Extracellular consist of 1) adhestion, 2) anti phagocytic factors like a capsule that often consist of polysaccharides. This capsule will resist complement cascade and is often non immunogenic because if might have host components. The capsule might have surface proteins or toxins that prevents it from being phagocytosed. Exotoxis are toxic proteins that affect phagocytes, chemotaxis and degranulation. 3) nutrient acquisition systems like iron & infecton. Iron is needed for the bacteria to grow. If there are low Fe in the environment the bacteria can starve and therefore they have special adaptive systems to overcome this. Sidephores are made that have higher affinity for Fe and capture Fe from lactoferrin. Or TF or LF binding protein that bind lactoferrin or transferring to the surface of itself for then to pull Fe off and into the bacteria.

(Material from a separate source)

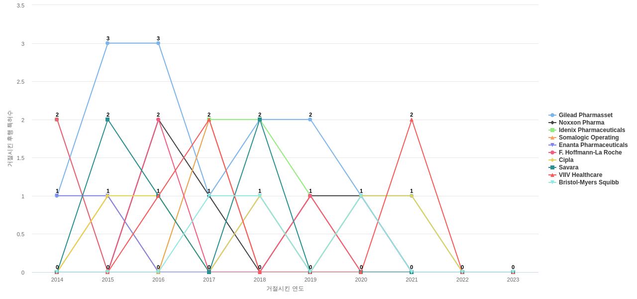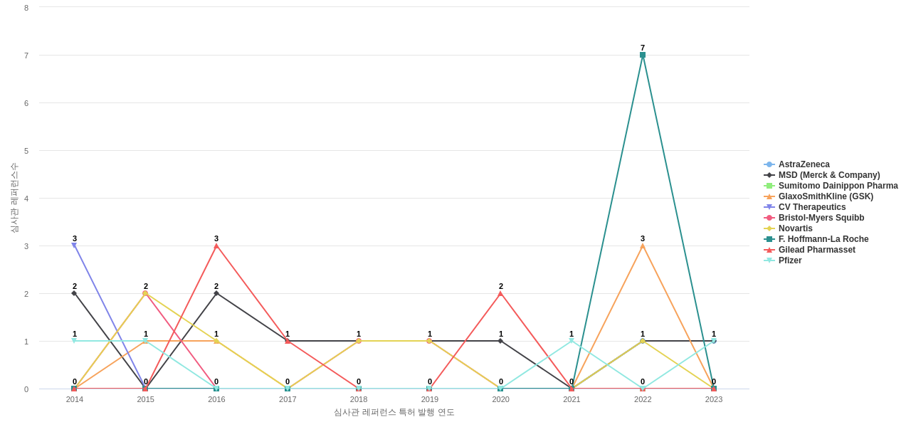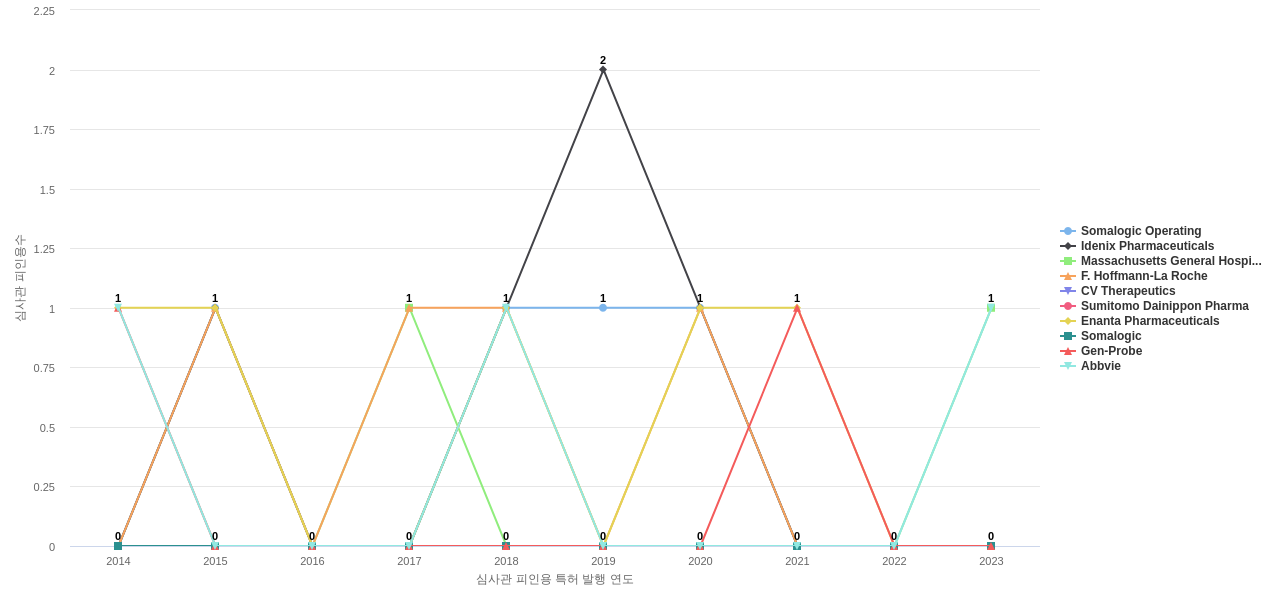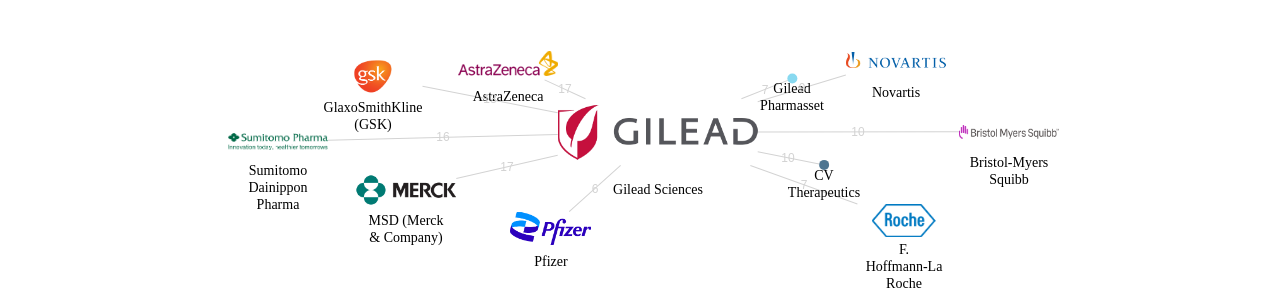 이 기업 보유 선행 특허가 받은 심사관 피인용수가 많은 관련 기업에는 1위 Somalogic Operating(12회), 2위 Idenix Pharmaceuticals(8회), 3위 Massachusetts General Hospital (MGH, Mass General)(8회) 등이 있습니다.

Intracellular pathogens invade cells, modify intracellular environment, counter intracellular defences and aquire nutrients. Some will evade the system by getting inside and living inside the macrophages. This is beneficial because macrophages are long lived (compared to neutrophils), mobile and have a rich nutrient supply. Once inside the macrophage they escape the phagosome. Some inhibit phagolysosome fusion and coxiella is even able to live inside the phagolysosome. C5a is a peptidase, a protein that interrupts the complement cascade. Some bacteria also produce different proteins that kill neutrophils. M protein on the surface of the capsule of the bacteria is very variable and will avade the host even when they have mounted a humoral response (memory) because it might infect with a different M type strain thereby evading the memory antibodies.